DATA EXTRACT Block Start

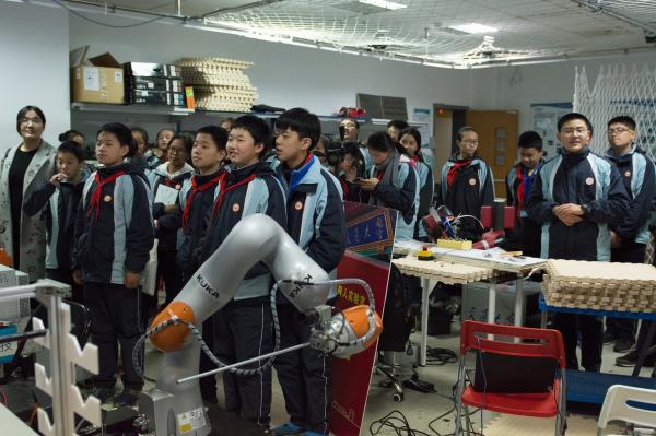 12月8日下午,交大二附中学生参观活动举行。百余名交大二附中的学生及部分学生家长参观了位于微电子大楼的感知与导航实验室、模拟射频集成电路中心及位于电信群楼二号楼的自主机器人实验室。而带领他们参观的志愿者,是二十名受聘为交大二附中班级辅导员的电院学生。
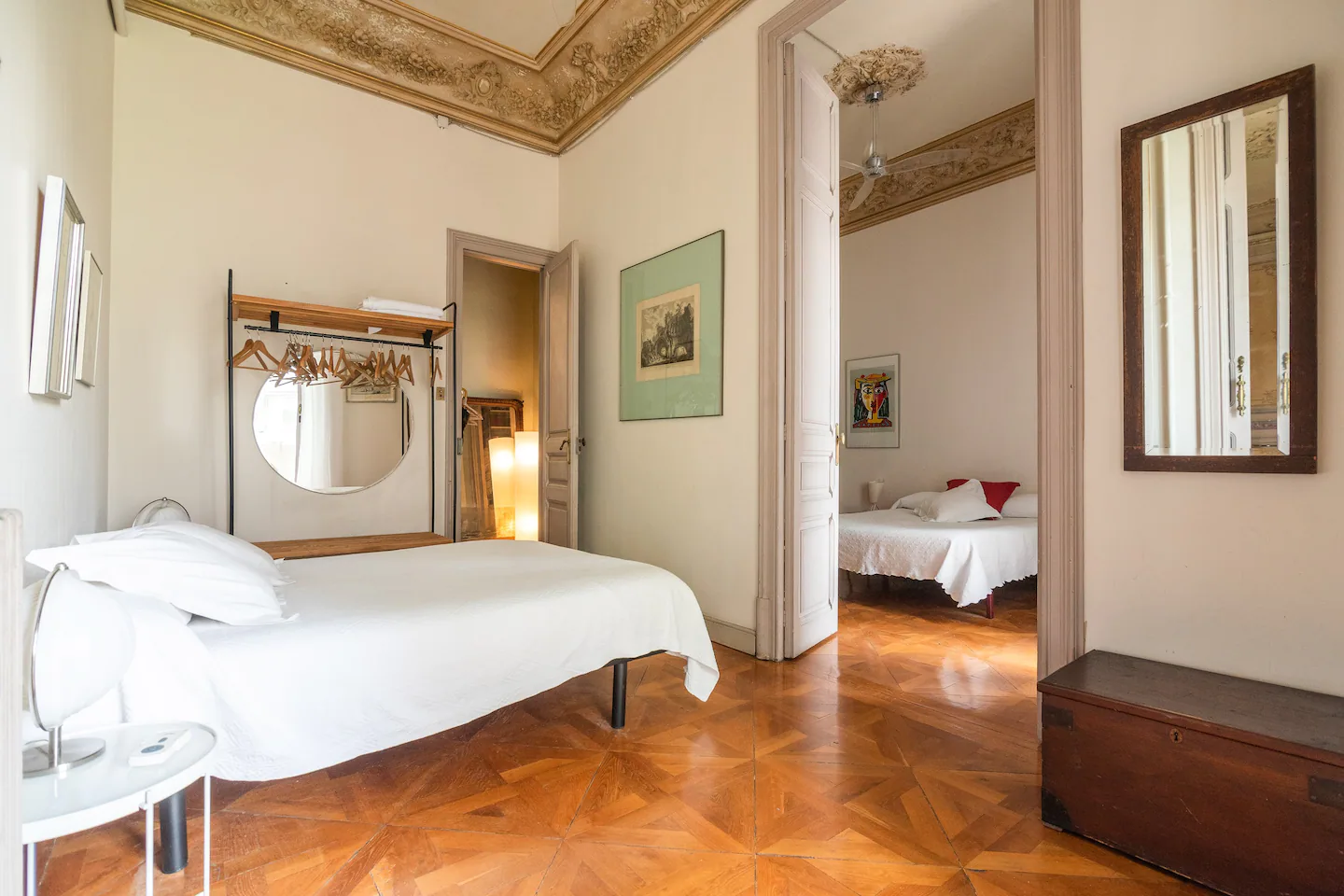 Στη διακόσμηση κυριαρχούν οι κρυστάλλινοι πολυέλαιοι, όμορφες κορνίζες καθώς και ενδιαφέρουσες μοντέρνες πινελιές. Το κατάλυμα μπορεί να φιλοξενήσει έως 4 άτομα και αποτελεί μία εξαιρετική βάση διαμονής καθώς βρίσκεται σε πολύ ευνοϊκή τοποθεσία. Η γειτονιά του είναι πολύ ασφαλής, περπατιέται εύκολα και με εύκολη πρόσβαση τόσο στην παραλία όσο και στο κέντρο της πόλης. Και τα δύο απέχουν λιγότερο από μισή ώρα με τα πόδια.
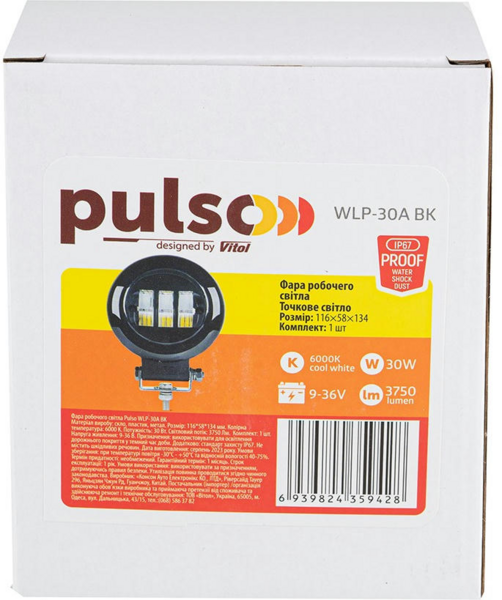- Фара рабочего света PULSO Spot 9-36В 6000К 116x58x134мм (WLP-30A_BK)
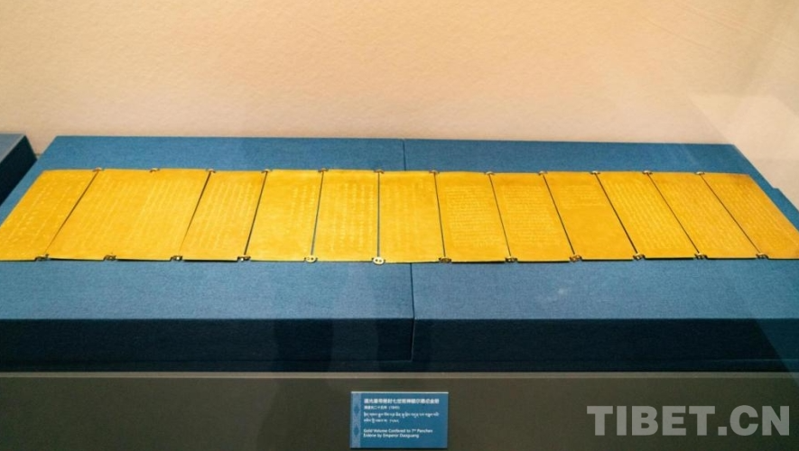 Das im Xizang-Museum aufbewahrte Goldene Heft zur Ernennung des 7. Panchen Rinpoche durch Kaiser Daoguang (25. Jahr der Amtszeit des Qing-Kaisers Daoguang, 1845 n. Chr.)

DATA EXTRACT Block End

• _WHAT YOU ARE ASKED TO DO_
Retype all of the material above exactly; the pictures stay out.

• _TASK ANSWER_
 12月8日下午,交大二附中学生参观活动举行。百余名交大二附中的学生及部分学生家长参观了位于微电子大楼的感知与导航实验室、模拟射频集成电路中心及位于电信群楼二号楼的自主机器人实验室。而带领他们参观的志愿者,是二十名受聘为交大二附中班级辅导员的电院学生。
 Στη διακόσμηση κυριαρχούν οι κρυστάλλινοι πολυέλαιοι, όμορφες κορνίζες καθώς και ενδιαφέρουσες μοντέρνες πινελιές. Το κατάλυμα μπορεί να φιλοξενήσει έως 4 άτομα και αποτελεί μία εξαιρετική βάση διαμονής καθώς βρίσκεται σε πολύ ευνοϊκή τοποθεσία. Η γειτονιά του είναι πολύ ασφαλής, περπατιέται εύκολα και με εύκολη πρόσβαση τόσο στην παραλία όσο και στο κέντρο της πόλης. Και τα δύο απέχουν λιγότερο από μισή ώρα με τα πόδια.
- Фара рабочего света PULSO Spot 9-36В 6000К 116x58x134мм (WLP-30A_BK)
 Das im Xizang-Museum aufbewahrte Goldene Heft zur Ernennung des 7. Panchen Rinpoche durch Kaiser Daoguang (25. Jahr der Amtszeit des Qing-Kaisers Daoguang, 1845 n. Chr.)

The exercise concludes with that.